INTRODUCTION
In this blog, we will explore the mushroom dataset and use a Naive Bayes classifier to predict the edibility of mushrooms.
Importing Necessary Packages:
import pandas as pd
import numpy as np
import matplotlib.pyplot as plt
import seaborn as sns
Reading the data:
mush=pd.read_csv('mushrooms.csv')
Exploratory Data Analysis(EDA):
mush.info()
mush.columns
mush.isna().sum()
Statistical Inference:
mush.describe().T
mush['class'].value_counts(normalize=True)
The mushroom dataset is fairly balanced in nature.
Here, we will build a Naive Bayes classifier to predict whether the mushroom is 'e' for edible or 'p' for poisonous.
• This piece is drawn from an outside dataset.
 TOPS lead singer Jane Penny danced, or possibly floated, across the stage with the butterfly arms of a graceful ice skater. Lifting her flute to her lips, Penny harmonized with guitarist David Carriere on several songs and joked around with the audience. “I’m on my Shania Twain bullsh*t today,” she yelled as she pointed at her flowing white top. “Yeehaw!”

Looking after the unique values in each columns of mushroom dataset:
for i in mush.columns:
print(i,mush[i].unique())
mush['stalk-root'].value_counts(normalize=True)
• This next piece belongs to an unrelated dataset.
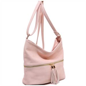 Zip Crossbody Bucket Satchel Blush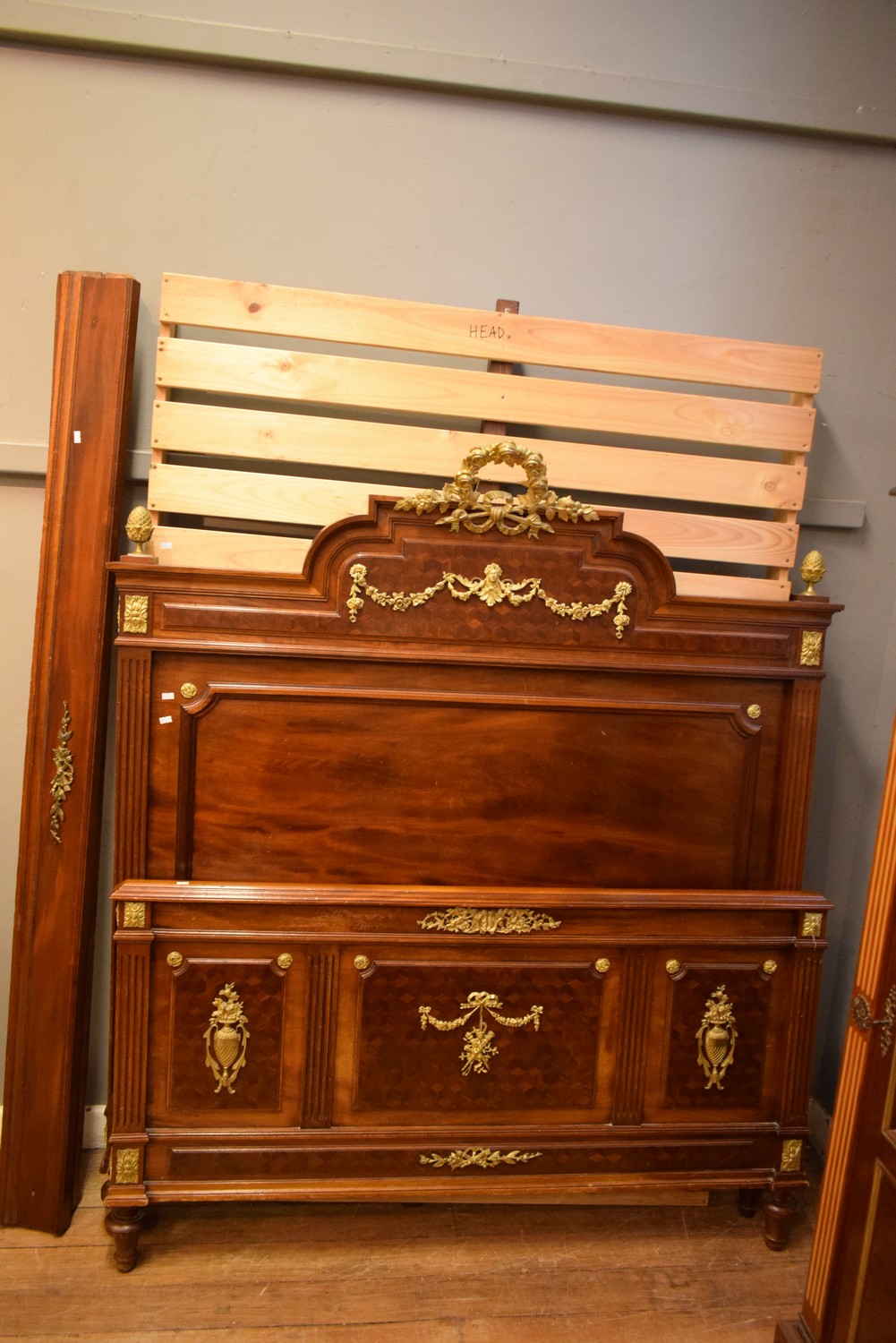 A DECORATIVELY INLAID FRENCH STYLE BED WITH RAILS AND BASE (A/F) (BED HEAD 166H X 147W CM)

We can observe that the 'stalk-root' is a single column with '?' present in around 30% of its entries. Since 30% of the data represents a significant amount and cannot be removed from each column, the alternative is to remove the entire 'stalk-root' column.
Removing the stalk-root:
mush=mush.drop(columns=['stalk-root'])
mush.info()
The column-stalk root is removed.
Data Preparation:
#Input Features:
X=mush.iloc[:,1:]
print(X)
#Output:
Y=mush['class']
print(Y)
Since the inputs are categorical in nature, we need to convert them into numerical variables, as the Naive Bayes classifier deals with probability. We can achieve this conversion using 'get_dummies/Label Encoding.
X=pd.get_dummies(X)
The 'get_dummies' function operates by taking a DataFrame, series, or list and transforming each distinct element into a column header, subsequently assigning a value of 1 if there's a match and 0 if there isn't.
print(X)
Splitting the data into training and testing:
from sklearn.model_selection import train_test_split
x_train,x_test,y_train,y_test=train_test_split(X,Y,test_size=0.3,random_state=1)
print(x_train.shape)
print(x_test.shape)
print(y_train.shape)
print(y_test.shape)
(5686, 112)
(2438, 112)
(5686,)
(2438,)
Training the model:
from sklearn.naive_bayes import GaussianNB
NB_classifier=GaussianNB()
NB_classifier.fit(x_train,y_train)
Predicting the output:
y_pred=NB_classifier.predict(x_test)
Model Evaluation:
from sklearn.metrics import classification_report,accuracy_score,confusion_matrix
print(classification_report(y_test,y_pred))
print(confusion_matrix(y_test,y_pred))
[[1216 20]
[ 2 1200]]
print(accuracy_score(y_test,y_pred))
0.9909762100082035
Conclusion:
This concludes our notebook. We used a Naive Bayes classifier from the scratch, trained it on our dataset, and observed an impressive accuracy of 99% during testing.